Eventually I realised I was mistaking guilt for hunger, so I had a Petit Filous and responded to his message. I’m pretty sure a line has been drawn under the affair after my fairly detailed reply about why I disagree with what he does and what exactly I didn’t like about his show and his on-stage persona hasn’t resulted in another message from him waiting in my inbox. We’ll have to wait and see.

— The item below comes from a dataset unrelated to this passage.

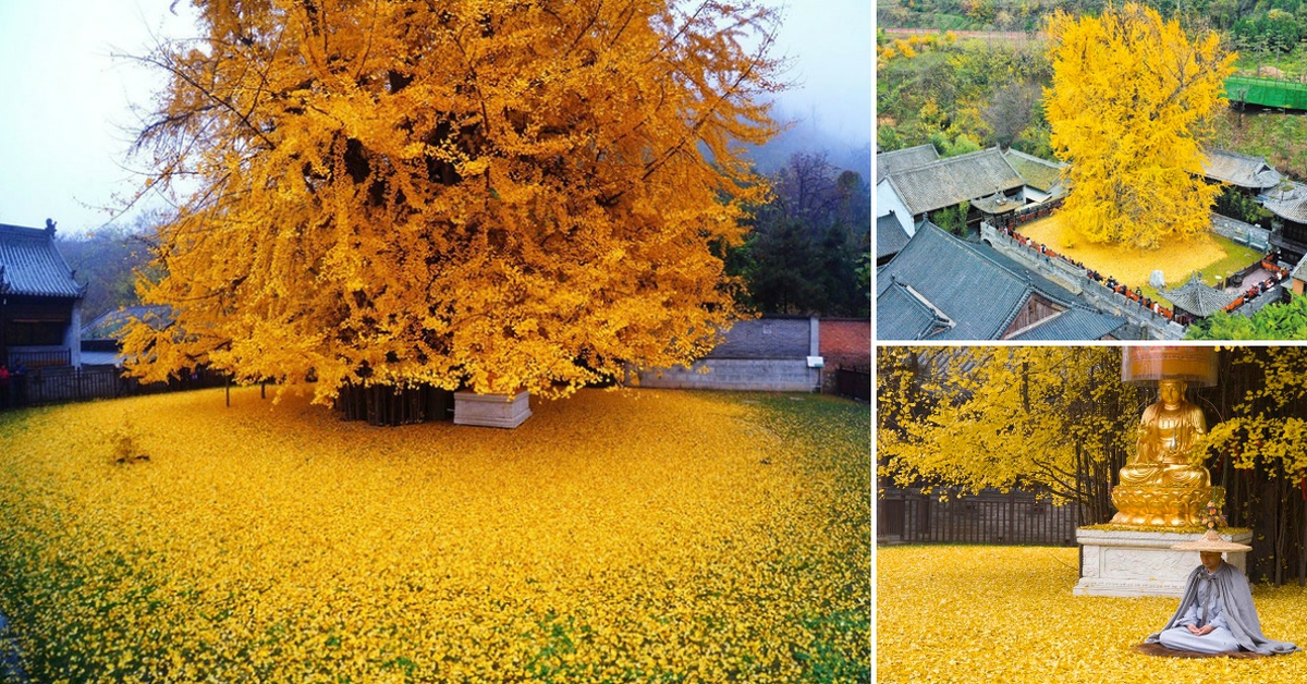 Моќта на природата често нè восхитува. Гинко дрво старо 1.400 години секоја есен создава прекрасна златна прекривка од испаднатите светложолти лисја.

Aside from these concerns, though, things are going okay. I like the gigs I’m doing, and I like the direction I’m going. It’d be nice to get more of them, but wouldn’t it always? The various worries related to taking something to the Edinburgh Fringe aren’t hanging over my head because I’m taking the year off. Rather than losing thousands of pounds in Scotland, I’ll try to make a bit of money by doing some work-in-progress shows at the Camden Fringe. Rather than spending August 17th 2012 in the Pleasance Courtyard, nursing a pint after a terrible hangover and fretting over low audience numbers, I’ll be getting married to the woman I love. A much better way to spend the day, don’t you think?

Let’s consider for a second that I was still trying to bash out a daily dose of nonsense long into 2012. It’s safe to say that my good lady-wife wouldn’t take kindly to me taking time out of our first few days of wedded bliss to write a fucking blog, and nor should she. Would you prefer to be quaffing cocktails on a beach or hunched over a laptop writing about how lovely it is to be quaffing cocktails on a beach? I’d plump for the former, personally, and I’d also hate to read about how lovely things are. If we go away for two weeks, that would be 14 days of nothing but pleasantness, and who the hell wants to read about that?

Conflict! Anger! Frustration! These are the things that made this nonsense worth checking in for. Happiness? Love? Affection? Pah. That stuff’s for me. You don’t need to know about it.

I’ll still tweet, of course. I’ll still write blogs. Not being tied to a daily routine (that I frequently fall behind on) means I can write about things on here with a bit more urgency. It means I’m more likely to finally put pen to paper on the tons of ideas that have sat untouched in a notebook for the last year or so. It gives me the opportunity to take a few weeks off for a honeymoon. Would you really begrudge me that much, dear reader?

Good. I should hope not.

Writing every day hasn’t always been easy, but it has often been fun. Long may that aspect of it continue – but on a much more informal basis, thank you very much.